Em seguida, o capítulo vai falando de nomes considerados “fundadores” dessa


vertente, como Antônio Rodrigues Veloso de oliveira, Manoel Ferreira da Câmara, João
Severino Maciel da Costa e Baltasar da Silva Lisboa, este último tendo como a
produção literária o seu principal foco de interesse, onde os temas ambientais tiveram
grande importância. Continuando, Pádua fala da preocupação de Januário da Cunha
Barboza e Raymundo da Cunha Mattos, assim como José Bonifácio, acerca das
derrubadas inconseqüentes de árvores. O capitulo finaliza tratando da Floresta da Tijuca
e sua restauração.

Na quinta parte do livro, “Um fluido pesado, fatal ao homem e à natureza”, o


autor enfatiza a posição de grupos que definiam a abolição como condição necessária
para o estabelecimento de uma relação produtiva saudável e não destrutiva com o
espaço natural brasileiro. Essa vertente incluiu um número bem menor de autores, sendo
expressa em 1830 por Frederico Burlamaque, prosseguindo de forma moderada em
alguns analistas até 1860, e teve seu ápice na década de 1880, com a obra abolicionista
de André Rebouças e Joaquim Nabuco.

Aqui, Pádua ressalta a verdadeira influência e continuidade da obra de José


Bonifácio, no sentido de que os estudiosos desta vertente também acreditavam que a
devastação ambiental não poderia ser contida de maneira isolada, mas sim no âmbito de
uma reforma geral da economia e da sociedade.

Embora um pouco longa, a introdução do livro é necessária.

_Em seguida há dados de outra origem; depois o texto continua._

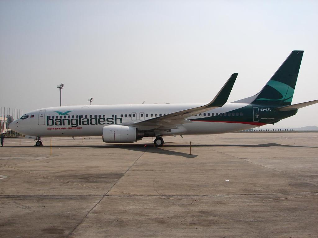 Biman's leased Boeing 737-800 at Zia International Airport (Side View).
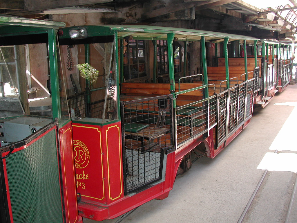 Driving Creek Railway carriages awaiting departure
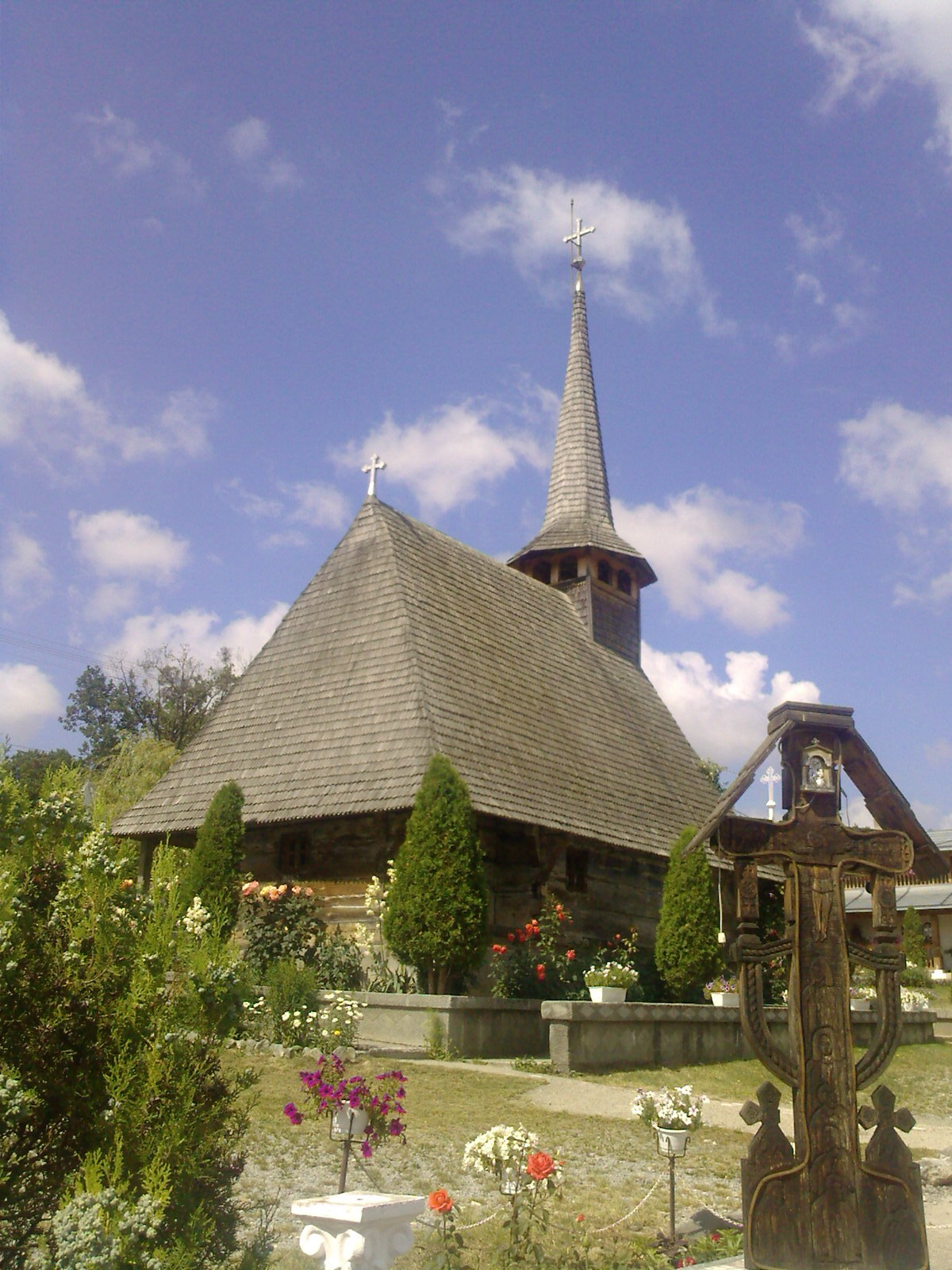 Wooden Church in Stâna, Sălaj County, Romania

Pádua faz uma


explanação do que o estudo vai abordar e nos situa em meio aos conceitos que ele vai
utilizar, explicando detalhadamente como se construiu esse grupo de autores que
escreveram acerca da crítica ambiental brasileira. E por conter tantas informações na
introdução, a leitura dos outros capítulos torna-se um pouco repetitiva, visto que o autor
já tinha apresentado essas questões antes. Mesmo com essa pontuação, o livro é
esplêndido, visto que é muito informativo e explicativo, despertando a curiosidade do
leitor acerca de algumas concepções metodológicas que ele utiliza.

O livro de Pádua é ideal tanto para quem quer estudar sobre a relação do homem
com a natureza, como para quem deseja estudar a mentalidade dos homens daquele
período, visto que Pádua parte dos embasamentos teóricos dos próprios, expondo
influências e contextualizando a sociedade da época. E também inspira novos estudos,
visto que além de o autor deixar linhas a serem trabalhadas, o campo de estudo de
história ambiental ainda é recente nas academias.

Andressa Aryelle Fontenele Araújo é graduanda no curso de Licenciatura em História


na UFPI (Universidade Federal do Piauí).